A Lamborghini is answered prayer enough; leadfooting one on the airstrips and lakeside cliffs of northern Italy borders on the supernatural.

A Visit to the Shrine of the Blessed Lamborghini

Growing up, I had a poster of a Lamborghini Countach taped to my bedroom wall. I spent hours staring at that exotic, one-of-a-kind design — the wide, low profile, the trapezoidal angles, the aircraft-grade aluminum. It was like nothing I had ever seen on an American roadway. I fantasized endlessly about getting behind the wheel and flooring it through my subdivision, my latest high-school crush riding shotgun and squealing in delight as I ripped around a cul-de-sac. “Wow,” I would think as I gazed at the auto’s sexed-up silhouette, which is exactly the reaction that Feruccio Lamborghini had when he first laid eyes on the blueprints for his eponymous sports coupe. Countach is an Italian colloquialism for amazement, and Feruccio’s spontaneous utterance — “Wow” — instantly became the name for the cult car.

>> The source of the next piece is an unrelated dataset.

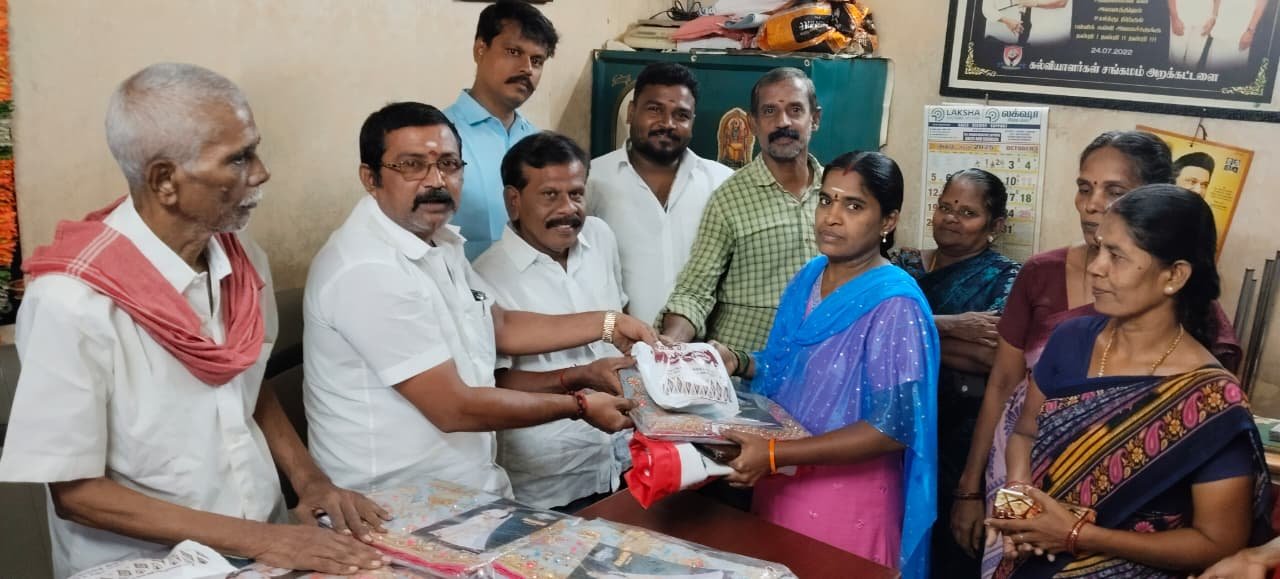 துப்புரவு பணியாளர்கள் மற்றும் மகளிர் அணியினருக்கு தீபாவளி பரிசுடன் வாழ்த்து தெரிவித்த திமுக வட்டசெயலாளர் செந்தில்குமார்.

The Countach has been out of production since 1990, but for me, the wow factor of Lamborghini’s extraordinary bespoke creations has never ceased — which makes me a prime candidate for an intriguing travel proposition initiated by the company in recent years. For hard-core prospective buyers (and the occasional hard-working journalist), local dealers in the United States (lamborghini.com) can coordinate guided tours of Lamborghini’s museum and factory in the hamlet of Sant’Agata Bolognese, just outside Bologna — and arrange for a once-in-a-lifetime test drive of the latest models through the serpentine, cliff-hugging hills of northern Italy. Not exactly typical customer outreach for a car manufacturer, but then Lamborghini, which sold just 2,406 autos in 2007, a record sales year, isn’t exactly Honda or Toyota. Automobili Lamborghini S.p.A., as the legendary Italian automaker is officially known, has unveiled just 13 production cars in its 45-year history, each more spectacular, aerodynamic and obsession-inducing than the last. My tester would be the Gallardo LP560-4, a flamboyant, $198,000 ride that Lamborghini and new parent company Audi have positioned as everyday-drivable (it even has a cup holder) and which has quickly become the company’s runaway best seller. I’d have exactly 36 hours to drive it as fast as I dared and see if it lived up to my expectations.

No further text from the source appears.